* Material provided *
-.-.-
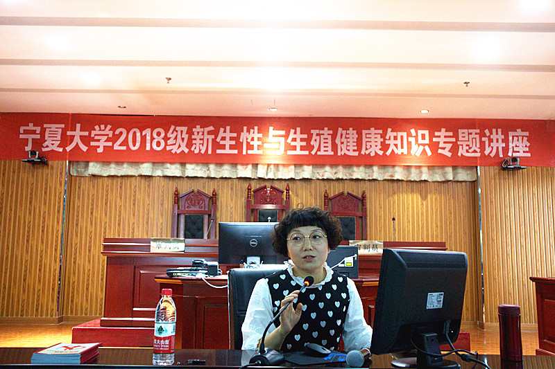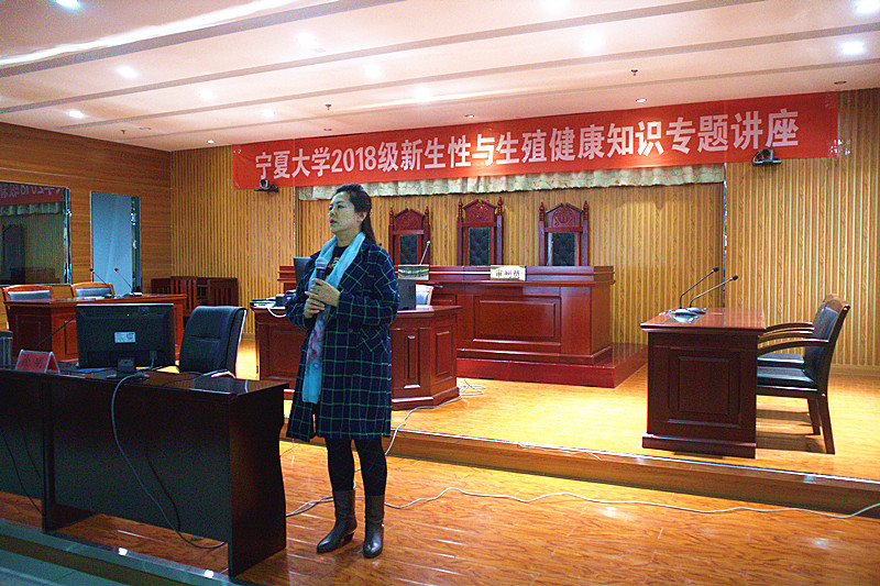 特邀生命科学学院生物科学系徐明教授、宁夏疾病预防控制中心的吴忠兰老师,在文荟楼模拟法庭为2018级全体新生做“性与生殖健康知识”专题讲座。
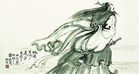 据《史记》“屈原贾生列传”记载,屈原,是春秋时期楚怀王的大臣。他倡导举贤授能,富国强兵,力主联齐抗秦,遭到贵族子兰等人的强烈反对,屈原遭馋去职,被赶出都城,流放到沅、湘流域。他在流放中,写下了忧国忧民的《离骚》、《天问》、《九歌》等不朽诗篇,独具风貌,影响深远(因而,端午节也称诗人节)。公元前278年,秦军攻破楚国京都。屈原眼看自己的祖国被侵略,心如刀割,但是始终不忍舍弃自己的祖国,于五月五日,在写下了绝笔作《怀沙》之后,抱石投汨罗江身死,以自己的生命谱写了一曲壮丽的爱国主义乐章。
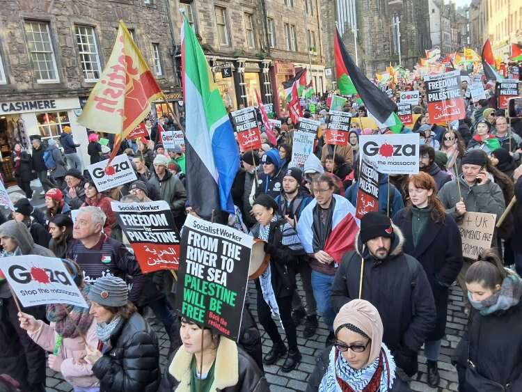 İskoçya’nın başkenti Edinburgh’ta düzenlenen Filistin’e destek yürüyüşünde Gazze Şeridi’ne yönelik saldırılarını sürdüren İsrail’e tepki gösteren binlerce kişi, “Özgür Filistin” sloganları attı.
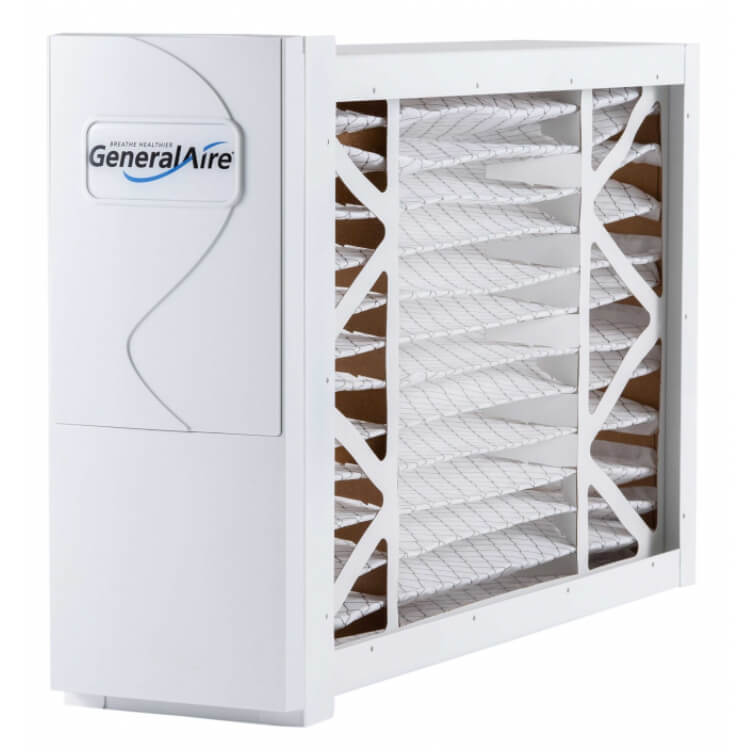 GeneralAire 4500 High Efficiency Media Air Cleaner effectively reduces airborne contaminants. This product is part of the MAC Series and is designed for optimal indoor air quality. The unit uses a cartridge design with opti-fiber media which supports low pressure drop characteristics. It has a minimum average efficiency of 61.8% and is capable of capturing particulates sized from one to three microns. The cabinet includes a ten-year warranty, ensuring durability.
-.-.-
* To do *
Nothing but the lines from the line with "İskoçya’nın başkenti Edinburgh’ta" through the end of the listing should appear in the answer, each duplicated exactly, without pictures.

* Your solution *
 İskoçya’nın başkenti Edinburgh’ta düzenlenen Filistin’e destek yürüyüşünde Gazze Şeridi’ne yönelik saldırılarını sürdüren İsrail’e tepki gösteren binlerce kişi, “Özgür Filistin” sloganları attı.
 GeneralAire 4500 High Efficiency Media Air Cleaner effectively reduces airborne contaminants. This product is part of the MAC Series and is designed for optimal indoor air quality. The unit uses a cartridge design with opti-fiber media which supports low pressure drop characteristics. It has a minimum average efficiency of 61.8% and is capable of capturing particulates sized from one to three microns. The cabinet includes a ten-year warranty, ensuring durability.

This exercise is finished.